PROMPT: The records below are to be copied exactly, with their pictures left out.
═════ EXERCISE INPUTS
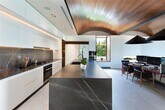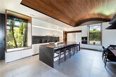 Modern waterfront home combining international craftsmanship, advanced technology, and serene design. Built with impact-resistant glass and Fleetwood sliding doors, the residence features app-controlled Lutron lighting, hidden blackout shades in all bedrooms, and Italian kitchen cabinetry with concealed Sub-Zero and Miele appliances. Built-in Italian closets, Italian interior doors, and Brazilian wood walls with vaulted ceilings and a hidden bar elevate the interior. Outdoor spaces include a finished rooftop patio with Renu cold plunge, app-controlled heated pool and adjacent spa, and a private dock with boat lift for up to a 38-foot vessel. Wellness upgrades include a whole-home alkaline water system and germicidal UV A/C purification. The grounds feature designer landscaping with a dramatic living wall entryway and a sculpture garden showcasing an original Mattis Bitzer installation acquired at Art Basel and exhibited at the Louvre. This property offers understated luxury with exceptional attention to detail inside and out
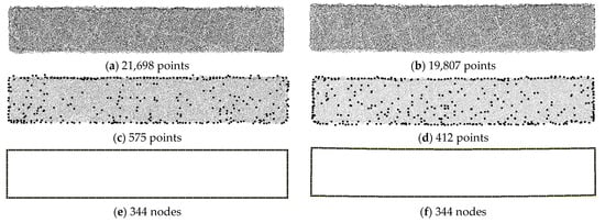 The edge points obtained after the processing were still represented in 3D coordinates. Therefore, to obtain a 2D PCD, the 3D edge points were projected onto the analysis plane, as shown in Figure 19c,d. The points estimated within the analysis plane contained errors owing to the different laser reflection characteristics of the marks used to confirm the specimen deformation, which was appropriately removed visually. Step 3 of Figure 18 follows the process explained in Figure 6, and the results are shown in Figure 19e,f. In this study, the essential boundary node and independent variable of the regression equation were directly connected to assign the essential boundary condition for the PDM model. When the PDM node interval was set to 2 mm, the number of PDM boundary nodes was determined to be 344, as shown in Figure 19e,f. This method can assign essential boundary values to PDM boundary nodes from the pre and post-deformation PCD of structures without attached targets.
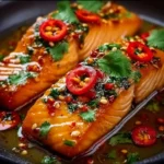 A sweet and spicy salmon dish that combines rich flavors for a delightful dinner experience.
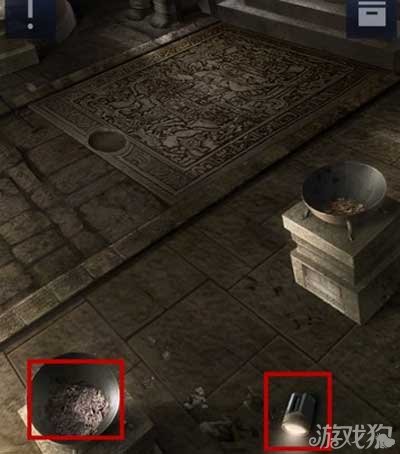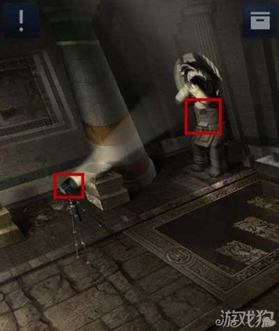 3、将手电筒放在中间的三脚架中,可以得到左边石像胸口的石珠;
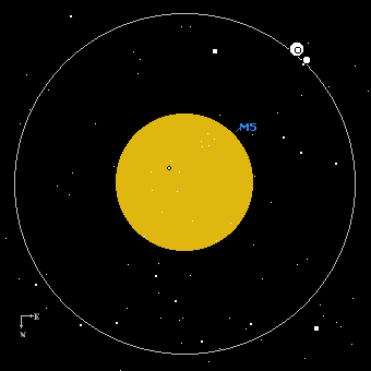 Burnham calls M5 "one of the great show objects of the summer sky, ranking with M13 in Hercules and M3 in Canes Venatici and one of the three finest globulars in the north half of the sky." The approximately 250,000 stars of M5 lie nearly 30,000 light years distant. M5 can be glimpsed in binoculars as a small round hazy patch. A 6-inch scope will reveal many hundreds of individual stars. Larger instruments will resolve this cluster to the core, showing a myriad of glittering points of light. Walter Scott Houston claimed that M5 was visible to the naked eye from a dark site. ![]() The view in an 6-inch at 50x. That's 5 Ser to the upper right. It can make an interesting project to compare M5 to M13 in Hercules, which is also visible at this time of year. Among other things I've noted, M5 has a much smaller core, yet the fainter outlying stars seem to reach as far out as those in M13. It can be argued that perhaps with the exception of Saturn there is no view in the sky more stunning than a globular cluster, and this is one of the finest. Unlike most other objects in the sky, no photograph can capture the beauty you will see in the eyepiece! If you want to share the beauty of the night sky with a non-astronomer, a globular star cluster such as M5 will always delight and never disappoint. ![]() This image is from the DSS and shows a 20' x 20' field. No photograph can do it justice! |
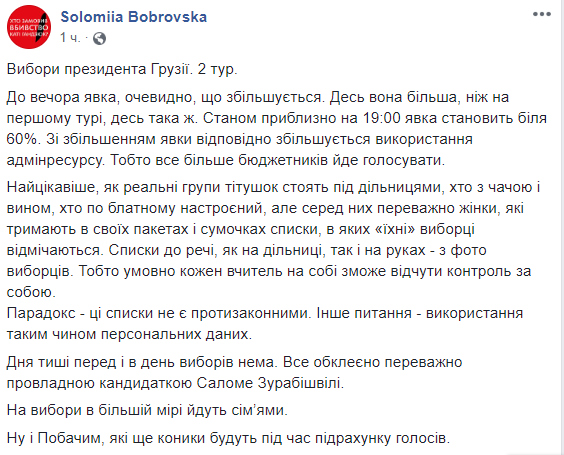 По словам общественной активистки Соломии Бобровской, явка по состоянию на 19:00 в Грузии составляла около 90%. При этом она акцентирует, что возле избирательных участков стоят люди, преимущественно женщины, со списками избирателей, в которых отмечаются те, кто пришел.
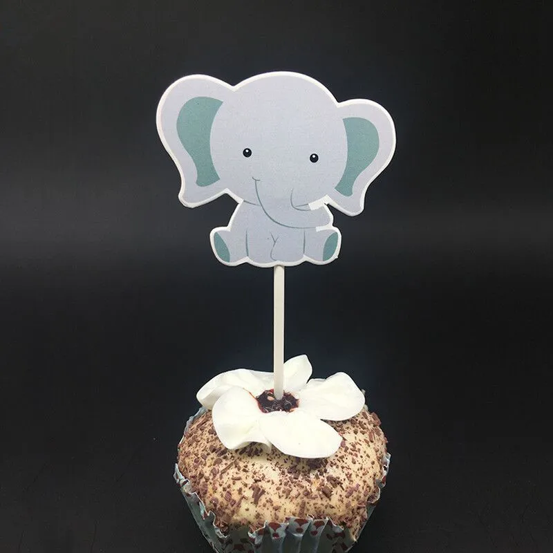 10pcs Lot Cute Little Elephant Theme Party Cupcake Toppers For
══════════
EXPECTED OUTPUT:
 Modern waterfront home combining international craftsmanship, advanced technology, and serene design. Built with impact-resistant glass and Fleetwood sliding doors, the residence features app-controlled Lutron lighting, hidden blackout shades in all bedrooms, and Italian kitchen cabinetry with concealed Sub-Zero and Miele appliances. Built-in Italian closets, Italian interior doors, and Brazilian wood walls with vaulted ceilings and a hidden bar elevate the interior. Outdoor spaces include a finished rooftop patio with Renu cold plunge, app-controlled heated pool and adjacent spa, and a private dock with boat lift for up to a 38-foot vessel. Wellness upgrades include a whole-home alkaline water system and germicidal UV A/C purification. The grounds feature designer landscaping with a dramatic living wall entryway and a sculpture garden showcasing an original Mattis Bitzer installation acquired at Art Basel and exhibited at the Louvre. This property offers understated luxury with exceptional attention to detail inside and out
 The edge points obtained after the processing were still represented in 3D coordinates. Therefore, to obtain a 2D PCD, the 3D edge points were projected onto the analysis plane, as shown in Figure 19c,d. The points estimated within the analysis plane contained errors owing to the different laser reflection characteristics of the marks used to confirm the specimen deformation, which was appropriately removed visually. Step 3 of Figure 18 follows the process explained in Figure 6, and the results are shown in Figure 19e,f. In this study, the essential boundary node and independent variable of the regression equation were directly connected to assign the essential boundary condition for the PDM model. When the PDM node interval was set to 2 mm, the number of PDM boundary nodes was determined to be 344, as shown in Figure 19e,f. This method can assign essential boundary values to PDM boundary nodes from the pre and post-deformation PCD of structures without attached targets.
 A sweet and spicy salmon dish that combines rich flavors for a delightful dinner experience.
 3、将手电筒放在中间的三脚架中,可以得到左边石像胸口的石珠;
 Burnham calls M5 "one of the great show objects of the summer sky, ranking with M13 in Hercules and M3 in Canes Venatici and one of the three finest globulars in the north half of the sky." The approximately 250,000 stars of M5 lie nearly 30,000 light years distant. M5 can be glimpsed in binoculars as a small round hazy patch. A 6-inch scope will reveal many hundreds of individual stars. Larger instruments will resolve this cluster to the core, showing a myriad of glittering points of light. Walter Scott Houston claimed that M5 was visible to the naked eye from a dark site. ![]() The view in an 6-inch at 50x. That's 5 Ser to the upper right. It can make an interesting project to compare M5 to M13 in Hercules, which is also visible at this time of year. Among other things I've noted, M5 has a much smaller core, yet the fainter outlying stars seem to reach as far out as those in M13. It can be argued that perhaps with the exception of Saturn there is no view in the sky more stunning than a globular cluster, and this is one of the finest. Unlike most other objects in the sky, no photograph can capture the beauty you will see in the eyepiece! If you want to share the beauty of the night sky with a non-astronomer, a globular star cluster such as M5 will always delight and never disappoint. ![]() This image is from the DSS and shows a 20' x 20' field. No photograph can do it justice! |
 По словам общественной активистки Соломии Бобровской, явка по состоянию на 19:00 в Грузии составляла около 90%. При этом она акцентирует, что возле избирательных участков стоят люди, преимущественно женщины, со списками избирателей, в которых отмечаются те, кто пришел.
 10pcs Lot Cute Little Elephant Theme Party Cupcake Toppers For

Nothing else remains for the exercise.